The next and most important phase of oratorio was the Epic, which became in Handel's giant hands such a powerful instrument. Before he wrote Saul and Israel in Egypt (1739) he had written an early oratorio in the Italian, and Passions, &c. in the German style. Between his arrival in England (1710) and his abandonment of the opera he had in no fewer than forty-four operas accustomed himself to all the possibilities of vocal expression; and his Italian training, his studies in Germany, and his varied experience eminently fitted him for his task. In twelve years he composed fifteen grand oratorios (Israel in Egypt, Messiah, Samson, Judas Maccabæus, Joshua, Solomon, Jephtha, &c.), besides several cantatas and anthems of almost oratorio dimensions. The greatest is Israel in Egypt, with its massive double chorus-writing and its grand effects; but the Messiah is a work which stands out not only among oratorios, but in all musical literature as a great inspiration. Pure inspiration it must indeed have been, for it was written in twenty-four days! The great admiration for Handel's compositions in England finds expression every three years in the Handel Festival, held in London, at which the Messiah, Israel in Egypt, and a 'selection' are performed on a gigantic scale (about three thousand singers and five hundred instrumentalists).

Haydn heard Handel's works when he visited England in 1791-92, and was incited to the composition of his great oratorio, the Creation (and also the charming pastoral the Seasons, which should scarcely be called an oratorio); in fact, Handel has been the inspiration and model of nearly all succeeding oratorios, as England, his adopted country, has been oratorio's peculiar home. There the unequalled choruses and the general custom of choral festivals on a large scale offer numerous opportunities for producing familiar masterpieces and inducements to compose new works. For the Birmingham Festival of 1846 Mendelssohn wrote his masterpiece, the Elijah, a work of great originality, which, however, owes more to the influence of Bach than of Handel. St Paul was produced at Düsseldorf ten years earlier.

Daring orchestral colour and original effects characterise Spohr's oratorios, Last Judgment (1826), Calvary (1835), and The Fall of Babylon (1842).

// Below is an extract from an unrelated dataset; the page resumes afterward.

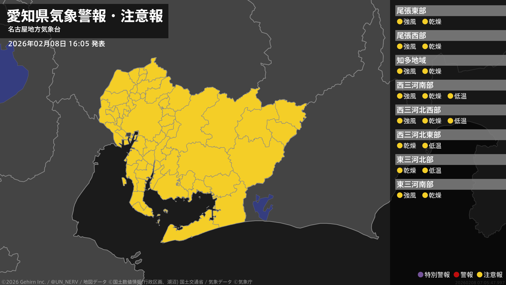 【愛知県 気象警報・注意報 2026年02月08日 16:05】愛知県では、8日夜遅くまで強風に、9日まで乾燥や低温に注意してください。#気象警報注意報 #愛知県

Modern oratorios take advantage of the dramatic element which is so strong in the music of the 19th century, and in many works the name is modified (e.g. Dramatic Oratorio—Mackenzie's Rose of Sharon, Parry's Judith, &c.) or avoided (Sacred Trilogy—Gounod's Redemption, Berlioz's Childhood of Christ, &c.). Dvorák's St Ludmila and Liszt's St Elizabeth and Christus lean more and more to the form of dramatic cantata, of which Beethoven's Mount of Olives (miscalled an oratorio), Schumann's Paradise and the Peri, Sullivan's Golden Legend, and Mackenzie's Dream of Jubal and Sayid are fine examples.

To treat of the large field thus opened to modern composers in the dramatic cantata, sacred and secular, would lead us far beyond the limits of this article; reference must be made to musical dictionaries, as well as, more strictly for Oratorio, to Bitter's Geschichte des Oratoriums (1872), Wagemann's Geschichte des Oratoriums (1882), Rockstro's careful article in Grove's Dictionary, and Upton's Standard Oratorios (Chicago, 1887).